Independent Assortment Of Chromosomes:What,Why,How,Causes,Types And Facts

Here, we will be covering all the aspects of the independent assortment of chromosome.

During Meiosis, it develops random combinations of chromosomes and genes on distinct homologous chromosomes. So, during Meiosis I, the homologous chromosome tetrads fall in line independently with the metaphase plate. There will be variability in gametes because of the independent assortment of chromosomes in meiosis-I.

We must first study the law of independent assortment to comprehend the independent assortment of chromosomes. The independent transportation of one diploid pair of homologous chromosomes through each gamete is defined by the independent assortment law. During Meiosis, it develops random combinations of chromosomes and genes on distinct homologous chromosomes. So, during Meiosis I, the homologous chromosome tetrads fall in line independently with the metaphase plate.

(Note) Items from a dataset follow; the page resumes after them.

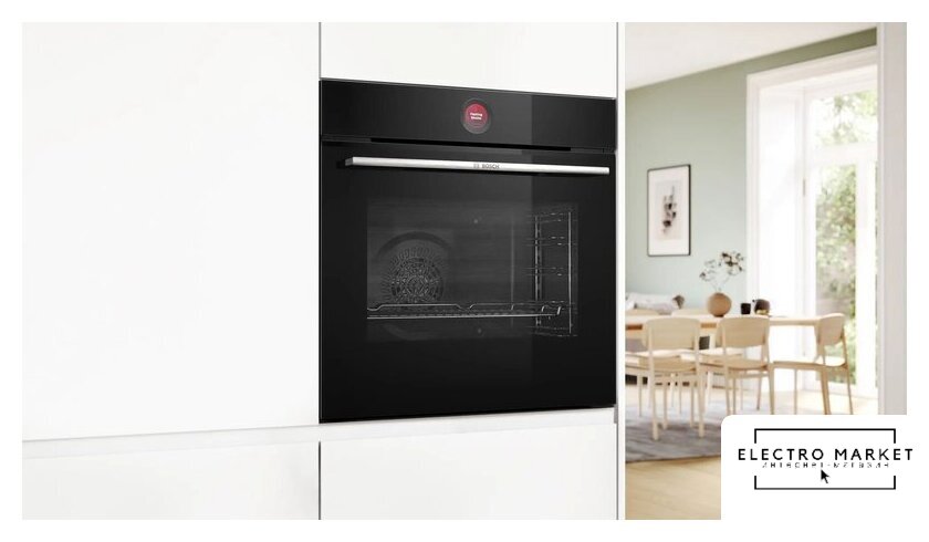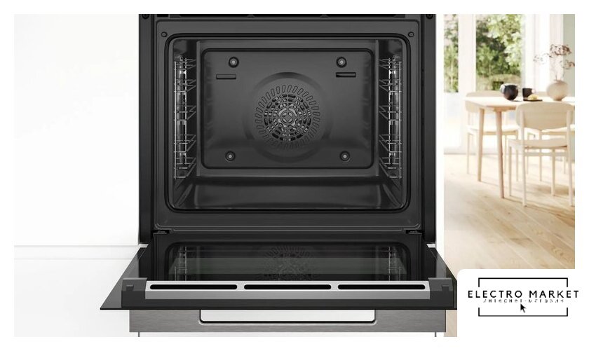 электрический с конвекцией, объем 72 л, утапливаемые переключатели, 9 режимов, автопрограммы, очистка пиролитическая, 3 стекла в дверце, направляющие проволочные + телескопические (1 уровень), термощуп
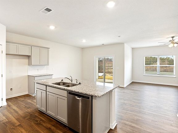 Welcome to the Cali floorplan at Powell Meadows in Cleveland. This single-story layout optimizes living space with an open concept kitchen overlooking the living area, dining room, and covered patio. Entertaining is a breeze, as this popular home features a spacious kitchen island and kitchen pantry for extra storage. The primary bedroom is located off the living space in the back of the home for privacy. The primary bedroom also includes a walk-in closet with a spacious bathroom. At the front of the home, two additional bedrooms share a second full bathroom. Across the hall is a fourth bedroom. This home features a space to fit all your needs. The Express Series features include 8ft Ceilings on first floor, Shaker style cabinetry, Solid Surface Countertops with 4in backsplash, Stainless Steel appliances by Whirlpool, Moen Chrome plumbing fixtures with Anti-scald shower valves, Mohawk flooring, LED lighting throughout, Architectural Shingles, Concrete rear patio (may vary per plan), & our Home Is Connected Smart Home Package. Seller offering closing cost assistance to qualified buyers. Builder warranty included. See agent for details. Seller offering closing cost assistance to qualified buyers. Builder warranty included. See agent for details. Due to variations amongst computer monitors, actual colors may vary. Pictures, photographs, colors, features, and sizes are for illustration purposes only and will vary from the homes as built. Photos may include digital staging. Square footage and dimensions are approximate. Buyer should conduct his or her own investigation of the present and future availability of school districts and school assignments. *Taxes are estimated. Buyer to verify all information.
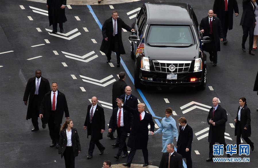 1月20日,在美國(guó)首都華盛頓舉行的總統(tǒng)就職游行上,美國(guó)總統(tǒng)特朗普(前中)向人們揮手致意。美國(guó)總統(tǒng)特朗普的就職游行20日在華盛頓舉行。特朗普當(dāng)日在華盛頓國(guó)會(huì)山舉行的就職典禮上正式宣誓就任美國(guó)第45任總統(tǒng)。 新華社記者殷博古攝
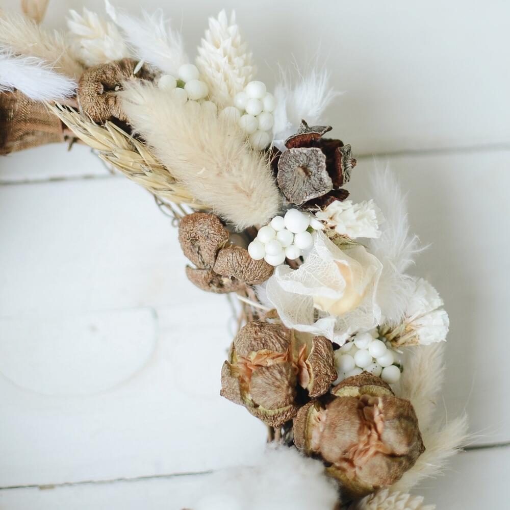 Основа для венка – 1 шт.Хлопок – 1 шт.сухоцветы микс – 1 шт.ветка искусственная белая – 1 шт.Тишью – 1 шт.Коробка – 1 шт.
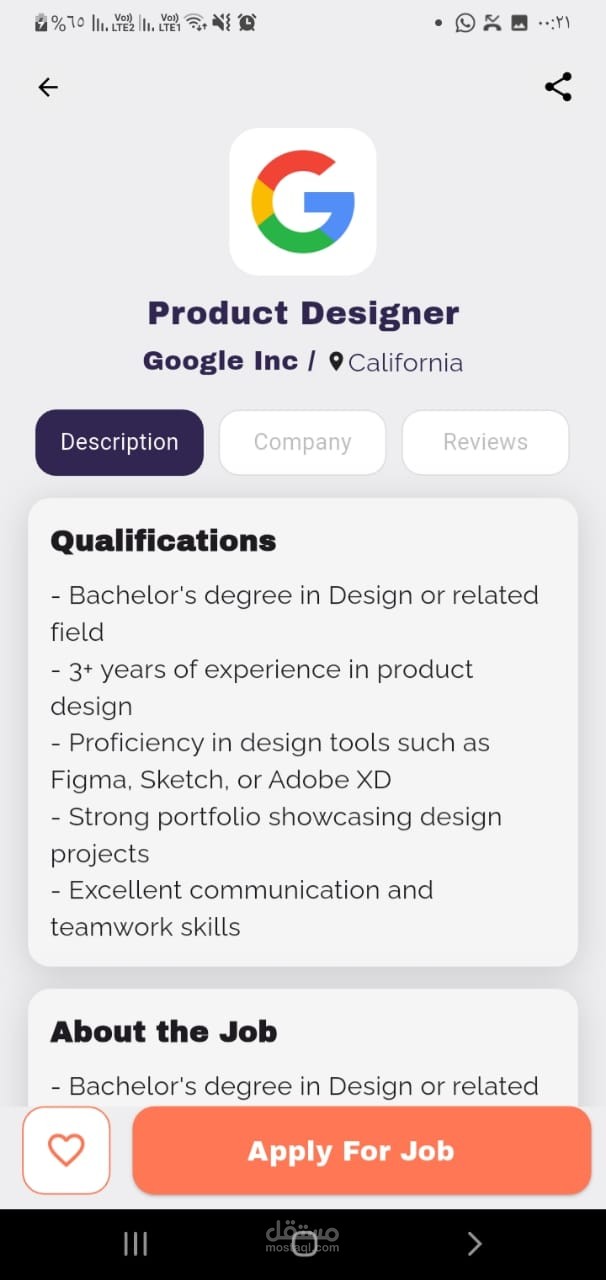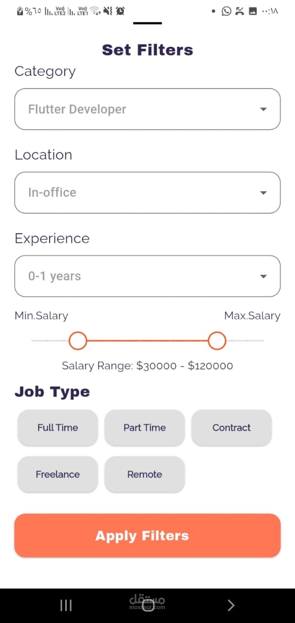 التطبيق يعمل على Android و iOS بكود واحد، ومناسب للشركات، منصات التوظيف، أو أي مشروع يستهدف تسهيل الربط بين الباحثين عن عمل وأصحاب الفرص.

Independent Assortment of Chromosomes
Independent Assortment of Chromosomes from Shutterstock

There will be variability in gametes because of the separate assortment of chromosomes in meiosis-I. Since the gametes will have distinct configurations of maternal and paternal chromosomes, the sperm and ova produced by one individual will differ from those generated by the other. The evolutionary value of sexual reproduction is that the difference in gametes produced by a single individual allows for a considerable level of variation in the genetic composition of progeny.

The process of independent assortment of chromosome

A similar pair of chromosomes are randomly assigned in the stage of anaphase I as cells divide during Meiosis, splitting and segregating independently. That is what is described as self-assortment. It leads to chromosomal configurations that are unique to each individual. Independent chromosomal layouts result from a process known as Meiosis.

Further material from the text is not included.